Kayea ferruginea
- Conservation status: Least Concern (IUCN 3.1)

Scientific classification
- Kingdom: Plantae
- Clade: Tracheophytes
- Clade: Angiosperms
- Clade: Eudicots
- Clade: Rosids
- Order: Malpighiales
- Family: Calophyllaceae
- Genus: Kayea
- Species: K. ferruginea
- Binomial name: Kayea ferruginea Pierre
- Synonyms: Kayea acuminatissima Merr.; Kayea macrocarpa Pierre; Mesua acuminatissima (Merr.) Kosterm.; Mesua ferruginea (Pierre) Kosterm.; Mesua macrocarpa (Pierre) Kosterm.;

= Kayea ferruginea =

- Genus: Kayea
- Species: ferruginea
- Authority: Pierre
- Conservation status: LC
- Synonyms: Kayea acuminatissima Merr., Kayea macrocarpa Pierre, Mesua acuminatissima (Merr.) Kosterm., Mesua ferruginea (Pierre) Kosterm., Mesua macrocarpa (Pierre) Kosterm.

Species of flowering plant

Kayea ferruginea is a species of flowering plant belonging to Calophyllaceae family. It is a free native to southern Indochina (Cambodia, Thailand, and Vietnam), Peninsular Malaysia, Singapore, and Borneo. It grows in lowland tropical moist forests, typically along streams at low elevations.

The local or common name has been said to be Sembawang tree in a paper. Thus, giving the area of Sembawang its name.

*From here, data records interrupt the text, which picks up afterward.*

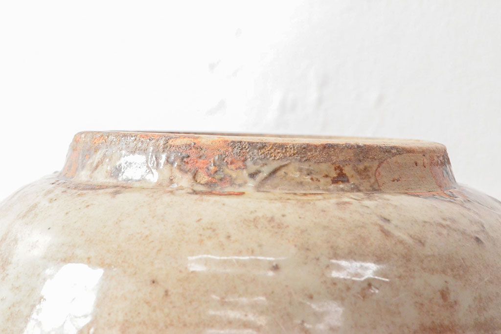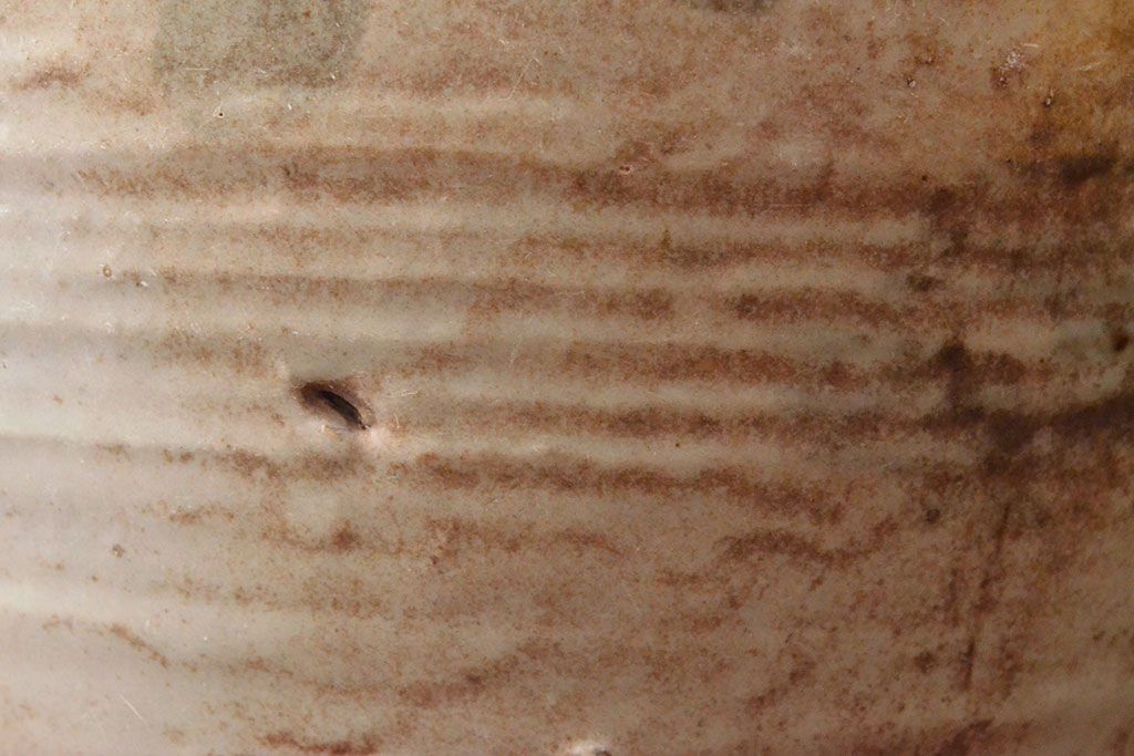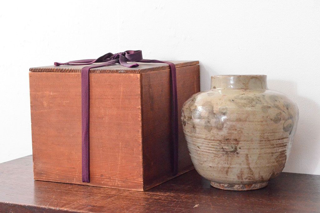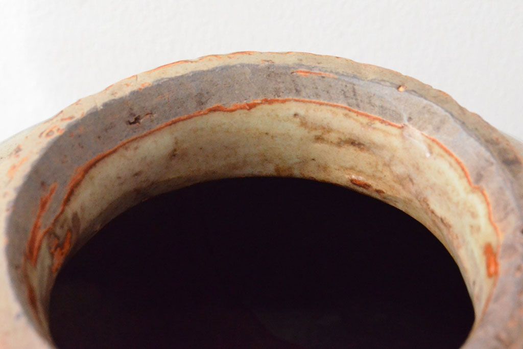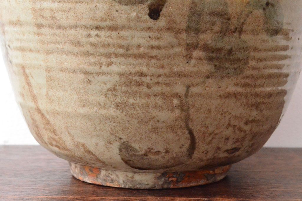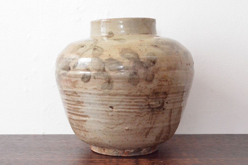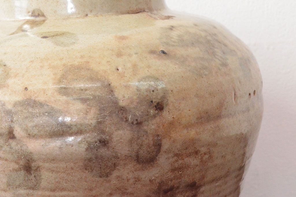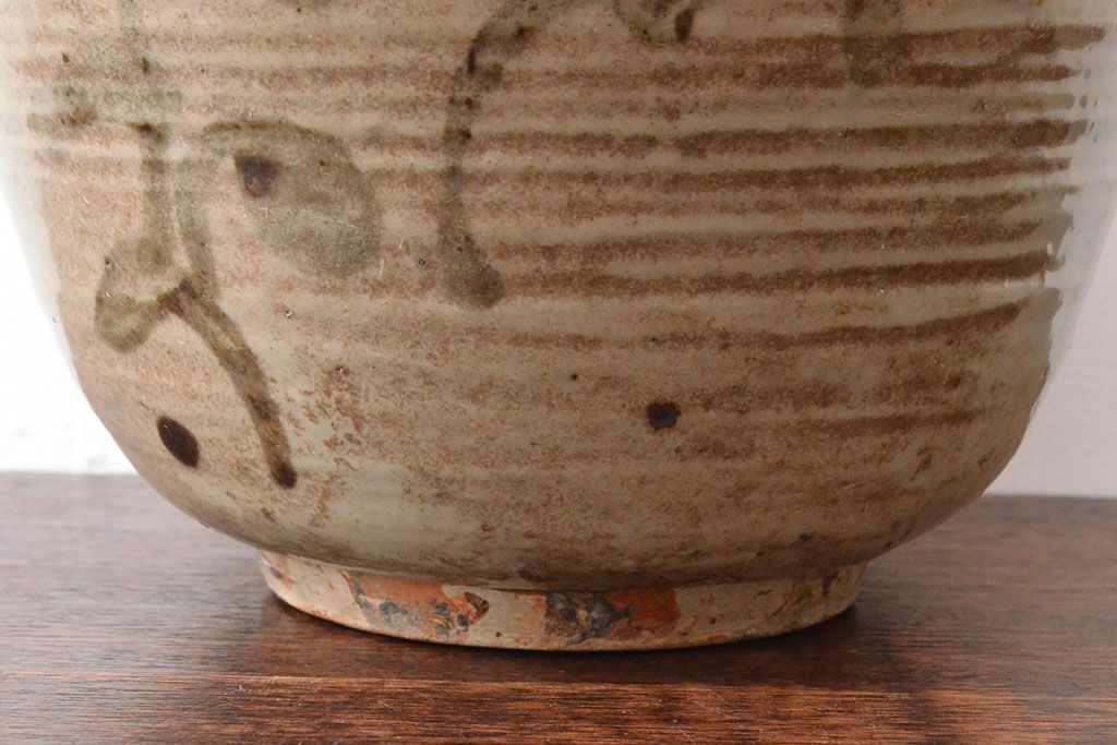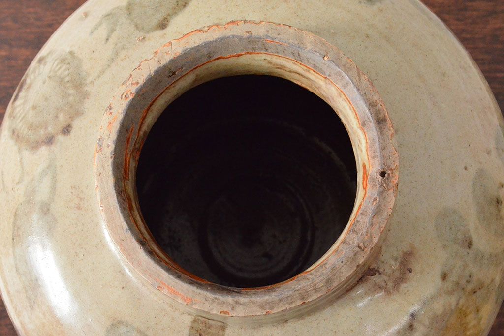 古い 李朝青磁 染付草花文瓶(壷、花瓶、花入)(R-052906)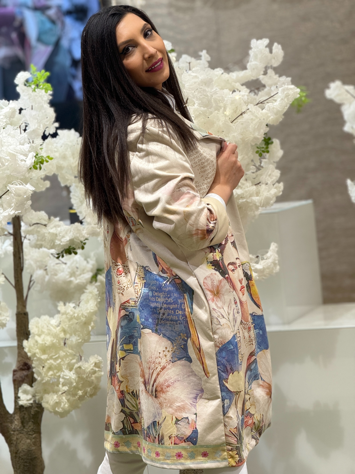 • Cu o croială cambrată care evidențiază linia taliei, acest sacou iese în evidență prin imprimeul său expresiv și modern, inspirat din arta contemporană.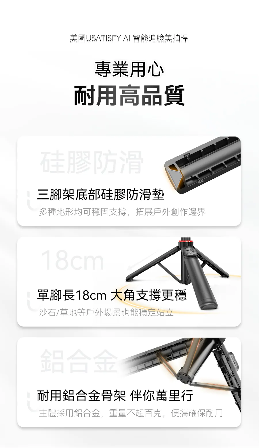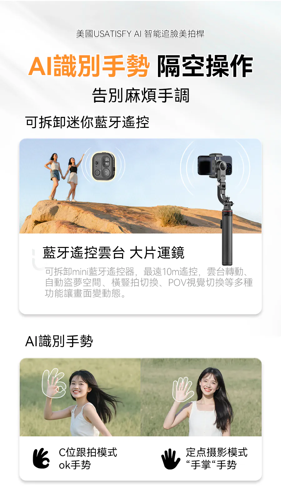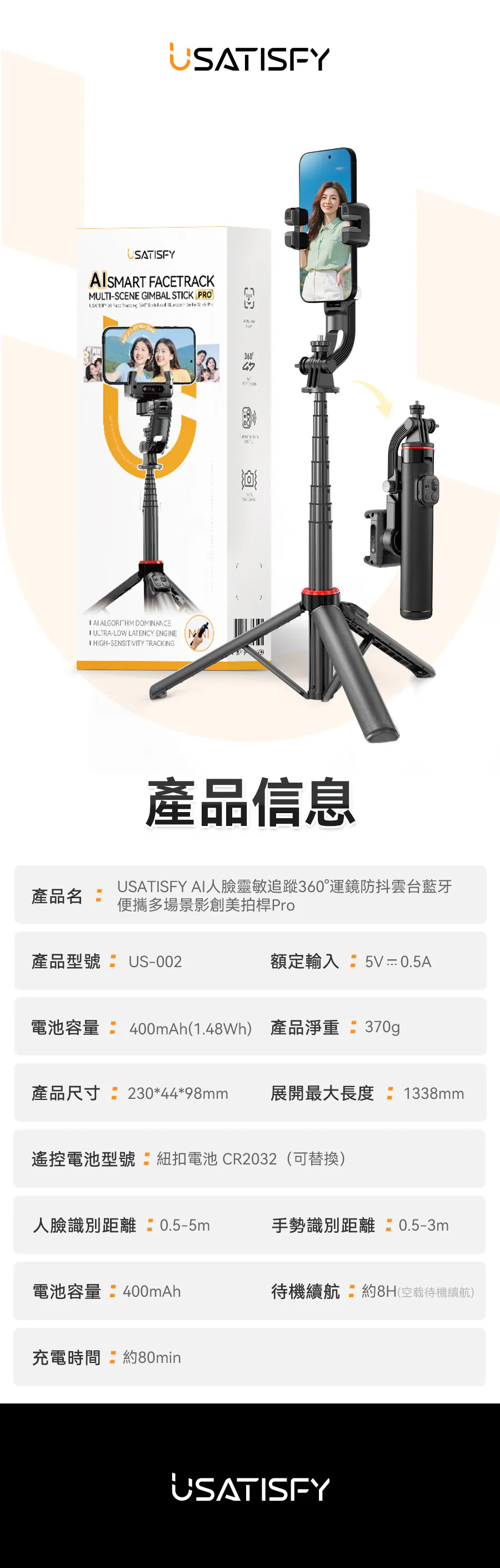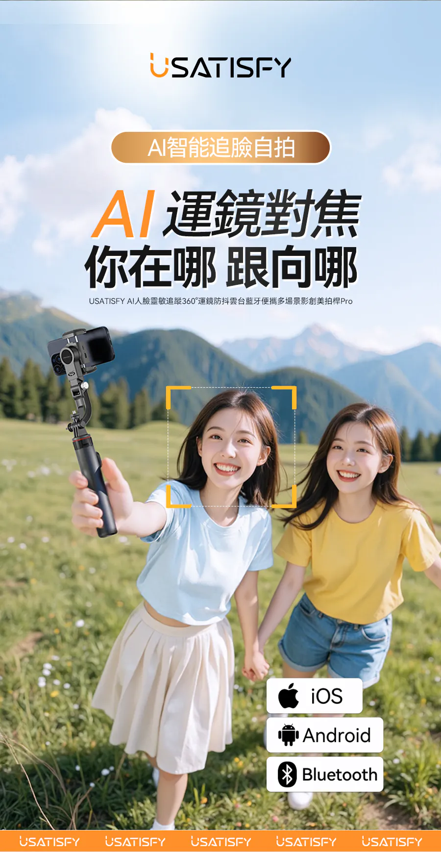 2.產品名稱:美國USATISFY AI人臉靈敏追蹤360°運鏡防抖雲台藍牙便攜多場景影創美拍桿Pro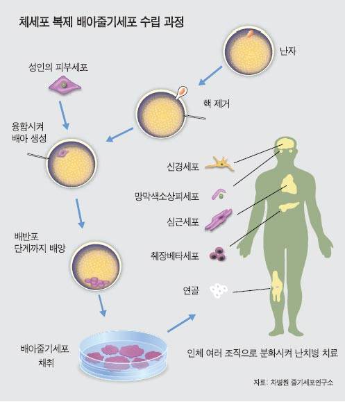 국내 연구진이 사람의 피부세포를 복제해 배아줄기세포를 만드는데 성공했다. 불임치료 후 남은 수정란 대신 체세포를 복제해 인간 배아줄기세포를 만든 것은 미국에 이어 세계 두 번째다. 황우석 전 서울대 교수가 2004년 미국 과학학술지 사이언스에 논문을 발표했다가 데이터 조작 사실이 드러난 바로 그 세포를 한국 연구진이 만든 것이다.
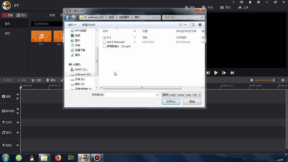 2、接下来就是素材的导入,必须是音频素材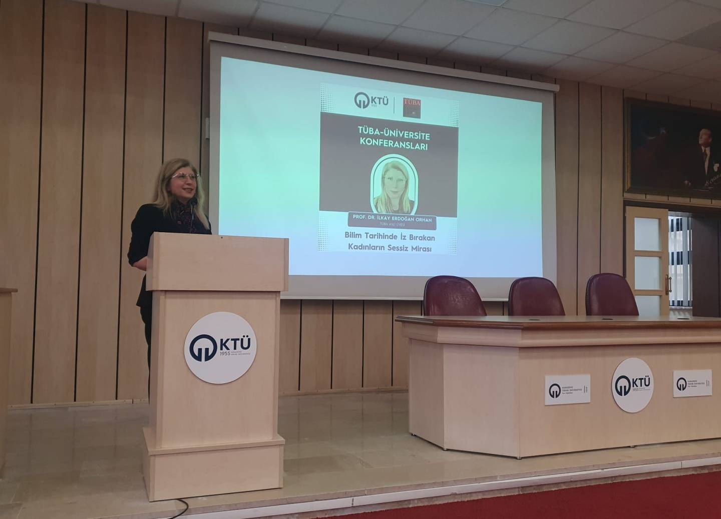 22 Nisan 2026 Çarşamba günü, Üniversitemiz Fen Fakültesi Nazım Terzioğlu Amfisi’nde düzenlenen konferansta; TÜBA Asli Üyesi ve Lokman Hekim Üniversitesi Eczacılık Fakültesi Dekanı Prof. Dr. İlkay Erdoğan Orhan, "Bilim Tarihinde İz Bırakan Kadınların Sessiz Mirası" başlıklı ilham verici bir sunum gerçekleştirdi. Konferansta, bilimin gelişiminde kritik roller üstlenen kadın bilim insanlarının tarihsel mirası mercek altına alındı.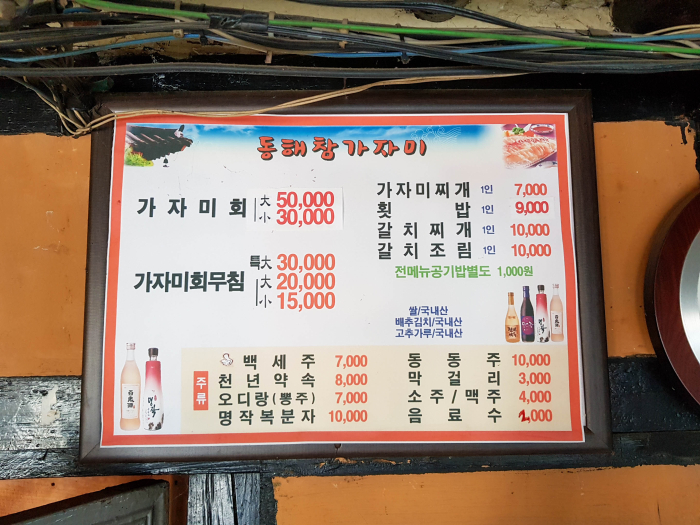 메뉴는 가자미회, 가자미회무침, 가자미찌개, 횟밥, 갈치찌개, 갈치조림이 있습니다.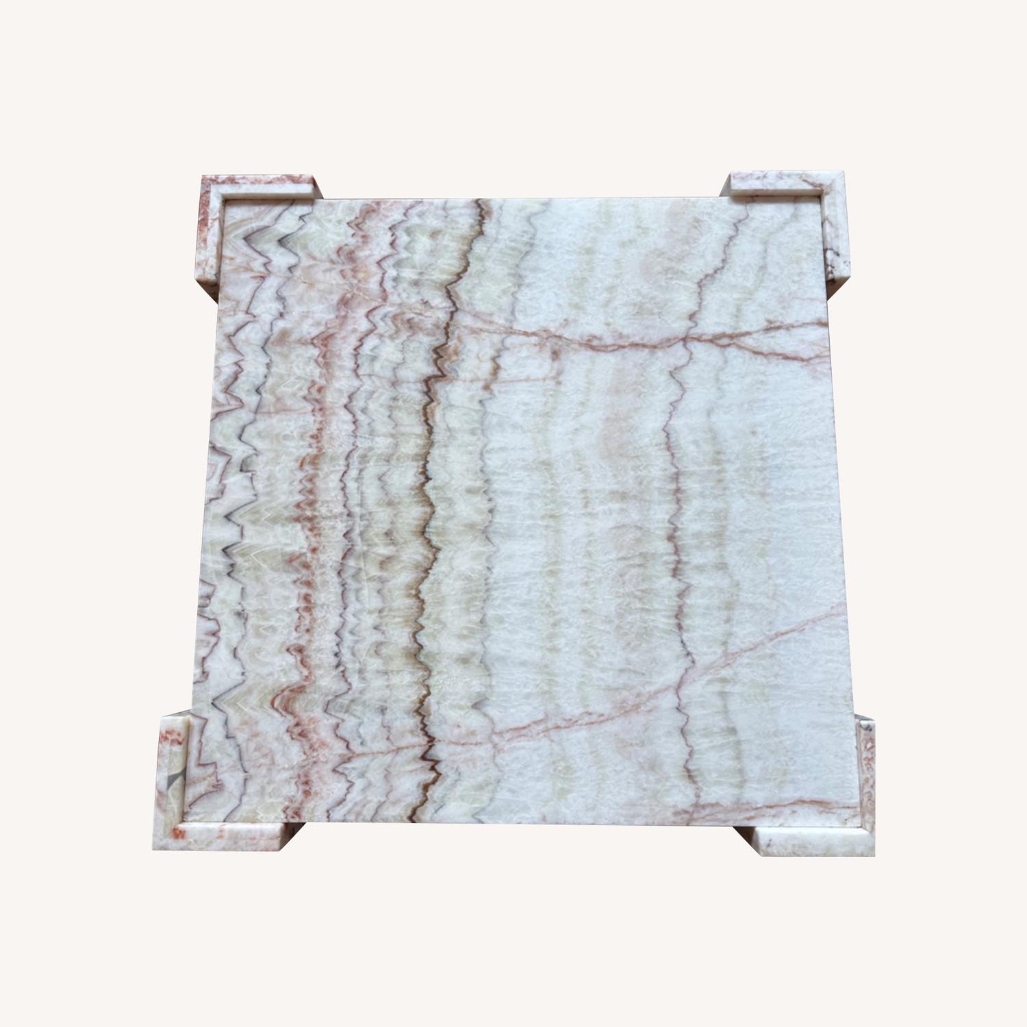 Seller's Notes:A gorgeous centerpiece for a seating area, this coffee table is crafted from onyx, a semiprecious stone with banded layers of color that bring pattern and natural beauty to any space. This low, 40"-square style is designed with onyx slabs set over a sturdy MDF frame. The beautiful colors and line running through the stone make this piece of one of a kind. It is the perfect height to accompany living room seating and looks incredible stacked with coffee table books, flowers, small dishes and candles. Dimensions: 40" X 40" X 14"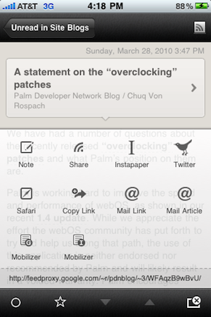 Obviously, clicking on an individual story loads that item (including any images). And in the story-view mode you have a new set of options along the bottom that let you mark an item as unread, star it, or a button to load a range of great Reeder features. For example, on this overlay menu, you can make a Google Reader note about an item, you can share it with your Reader friends, you can save it to Instapaper, you can send it to Twitter, you can open it in Safari, you can mail it to someone, etc. There are a half dozen other features which you can customize in the app.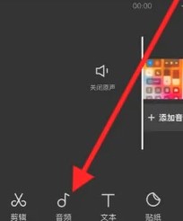 1、點(diǎn)擊打開簡(jiǎn)影App,然后點(diǎn)擊頁面“開始創(chuàng)作”上的+,上傳視頻后點(diǎn)擊右下角的“音頻”;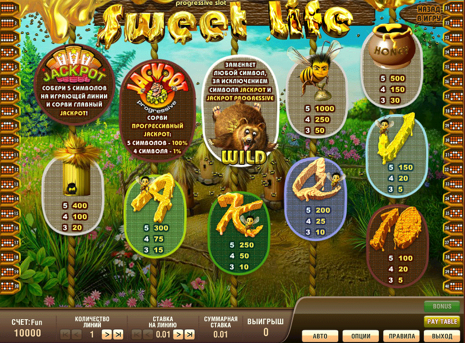 Чтобы отправиться в удивительный мультипликационный мир «Сладкой жизни», достаточно лишь одного нажатия кнопки запуска. Сюжет этого эмулятора очень веселый, поэтому, возможно, вам даже понравиться играть на нем в бесплатном демо-режиме. Чтобы «Sweet Life» по достоинству вас вознаградил, нужно быть смелым и напористым и, конечно же, делать ставки реальными деньгами. Опасайтесь неуступчивых пчел, которые всячески будет вам препятствовать в добыче меда.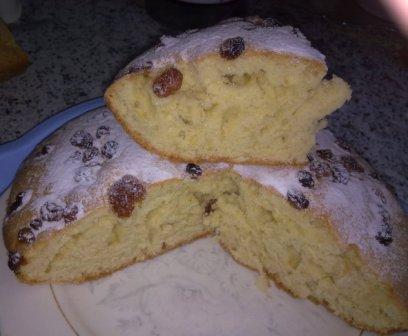 3 яйца и 1 ст сахара хорошо взбить... 5 ложек майонеза...1,5 стакана муки, сода, изюм,лимон...

It grows 8 to 12 metres tall. The fruits are 6 cm across, enveloped in four loose leathery fleshy sepals. Flowers found in short, axillary panicles and leaves are elliptic of 8 x 3 to 12 x 4.5 cm size.

In Peninsular Malaysia the species has been recorded in Eastern Johore, Sungei Endau southwards, Pahang, Ayer Etam, Kelantan, Temangan.

The species was described by Jean Baptiste Louis Pierre in 1885.